Davies & Gribbin (1992: 157):
One of the difficulties [for a quantum theory of gravity] concerns the scale of quantum gravitational processes. Because it is such a weak force — by far the weakest of the four forces of nature — gravity does not manifest its quantum nature on the scale of an atom or even an atomic nucleus, where quantum properties of the other forces are dramatically apparent, but only on a scale some twenty powers of ten below this, across distances of less than 10⁻³³ cm. This tiny distance is known as the Planck length, after Max Planck, the originator of the quantum theory. The associated time-scale, which can be regarded as the fundamental quantum unit of time, is the time it would take light to cross such a tiny distance: 10⁻⁴³ sec, the Planck time.
Some physicists believe that at the Planck length spacetime breaks up and takes on features more akin to those of a foam than a smooth continuum. In particular, "bubbles" of "virtual" spacetime will form and vanish again in much the same way that virtual particles come and go in the vacuum.
Blogger Comments:
From the perspective of Newtonian mechanics, gravity is a force of attraction between particles of matter, but from the perspective of the General Theory of Relativity, gravity is a relation between matter and space-time. In the latter view, the effect of one body on another is not mediated by a force, but by the relative effects of the bodies on the space in which they extend, and on the time in which the processes they mediate unfold.
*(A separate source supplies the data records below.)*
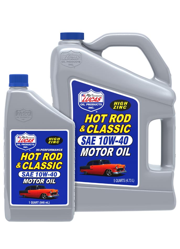 Lucas Hot Rod & Classic Car Motor Oil SAE 10W-40 is for muscle, showroom, classic and trophy cars without catalytic converters. It can be used in racing applications. Not recommended for passenger car use.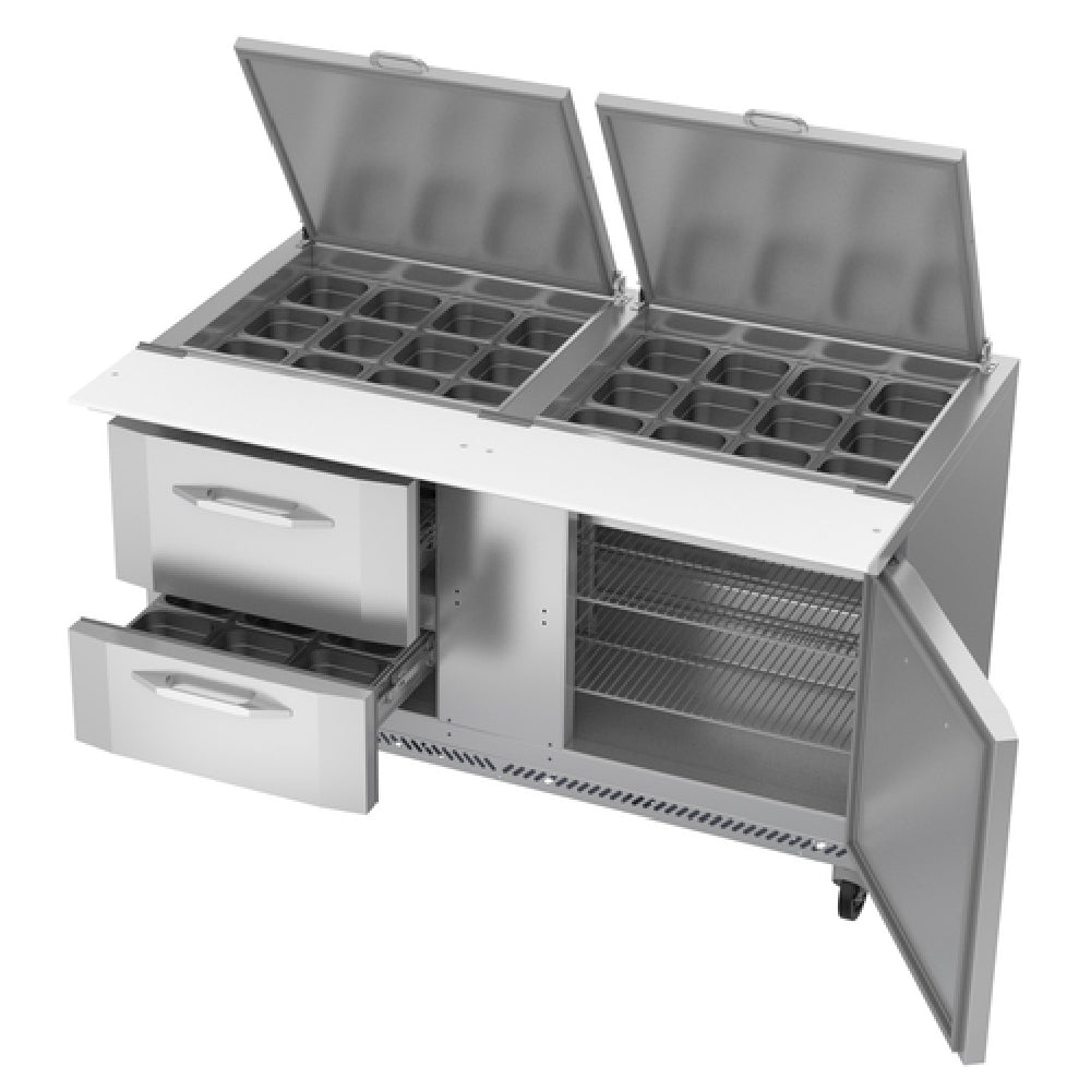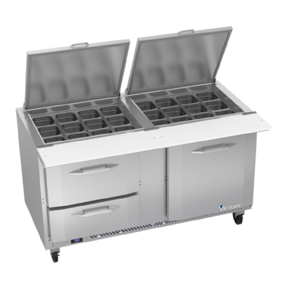 The Victory VSPD60HC-24B-2 UltraSpec™ Series Big Top Sandwich Prep Table Powered By V-Core™ is a versatile and efficient solution for food service establishments. This two-section unit, with dimensions of 60 inches in width, offers a self-contained refrigeration system with a 17.1 cubic feet capacity. It features a stainless steel top designed to accommodate 24 1/6 size pans, enhancing its usability in sandwich and salad preparation. The table includes one self-closing door and two epoxy-coated shelves, alongside two drawers capable of housing two 4-inch deep pans in the upper drawer and two 6-inch deep pans in the lower drawer, although pans are not included. A 10-inch cutting board made from white polyethylene plastic provides a durable work surface. The hinged, insulated flat lift-up lid ensures optimal temperature control, supported by full electronic controls. The durable construction is evident in its stainless steel exterior and aluminum interior, coupled with Santoprene gaskets that come with a two-year warranty. The rear-mounted refrigeration system utilizes R290 Hydrocarbon refrigerant, powered by a 1/3 HP compressor. This unit is cULus, UL EPH Classified, and UL-Sanitation certified, and is proudly made in the USA, making it a reliable and compliant choice for professional kitchens.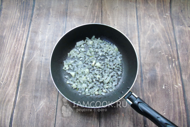 Репчатый лук очистите, помойте и мелко нарежьте. Обжарьте на сковороде с маслом до прозрачности.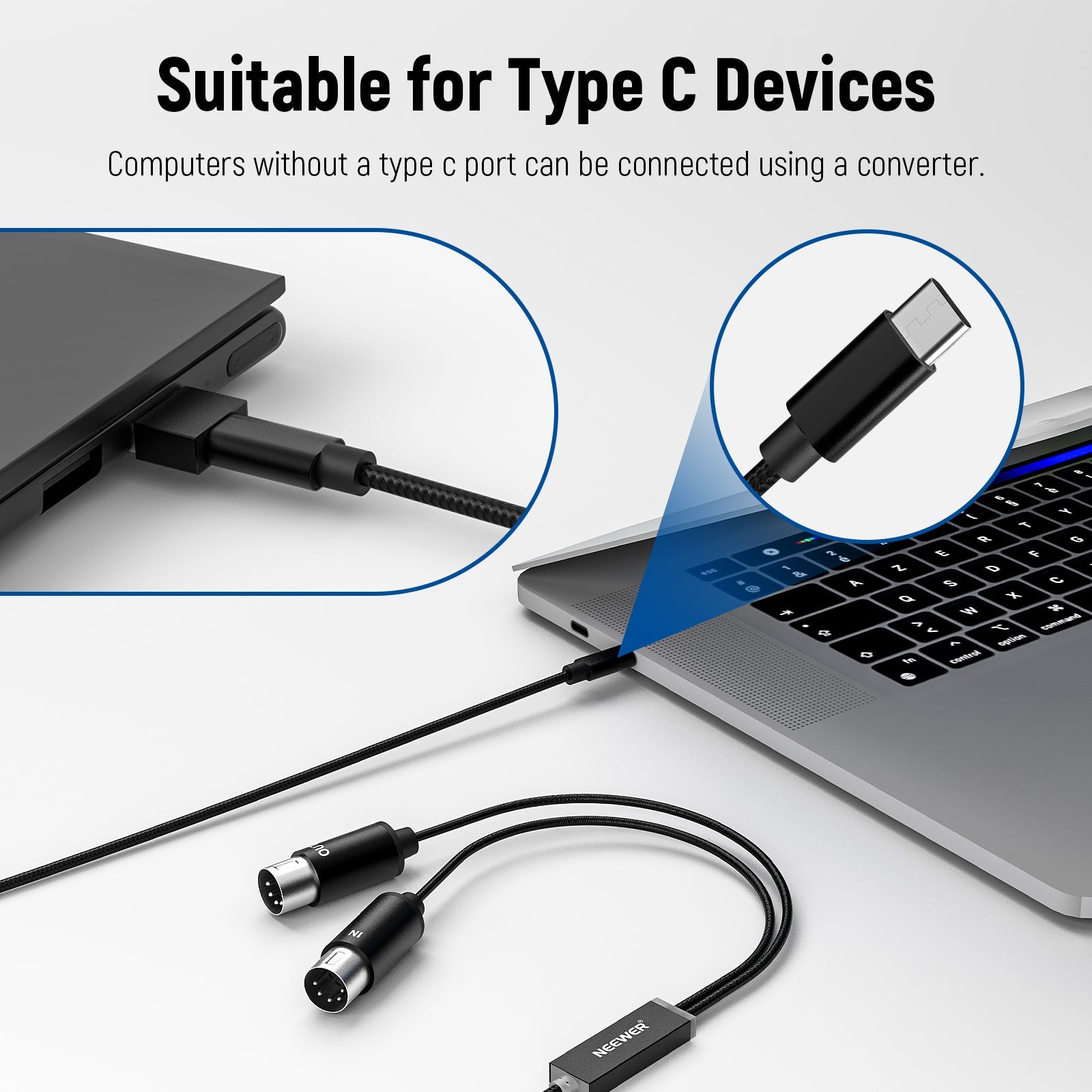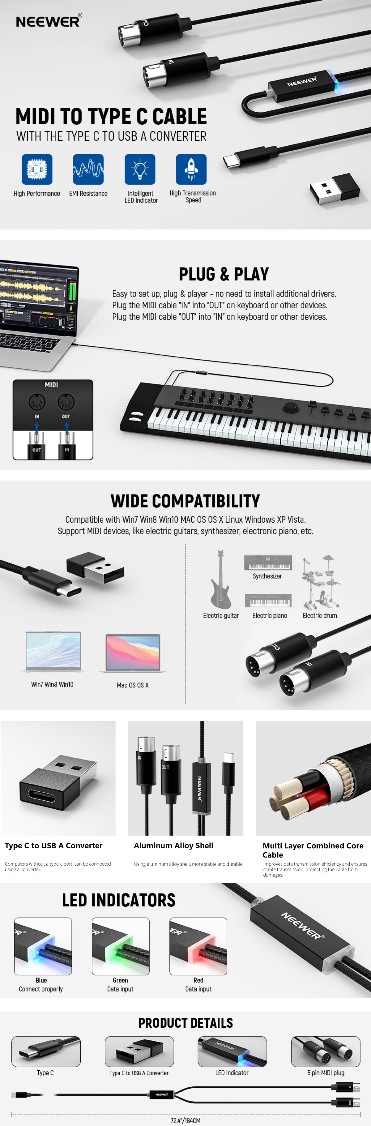NEEWER Cable MIDI a Tipo C de 72,4"/184 cm

If gravity is not a force, then the attempt to unify gravity with the strong, weak and electromagnetic forces, using quantum theory, or any other, is a futile exercise.
From the perspective of Systemic Functional Linguistic Theory, a quantum theory of gravity extends the notion of the instantiation from particles to the dimensions by which particles, and the processes they mediate, are measured.
So, on this model, just as virtual particles that mediate processes are momentarily instantiated in (real) space-time, virtual space-time is momentarily instantiated in (real) space-time, as "bubbles" within the smallest intervals of space-time: the Planck length and the Planck time.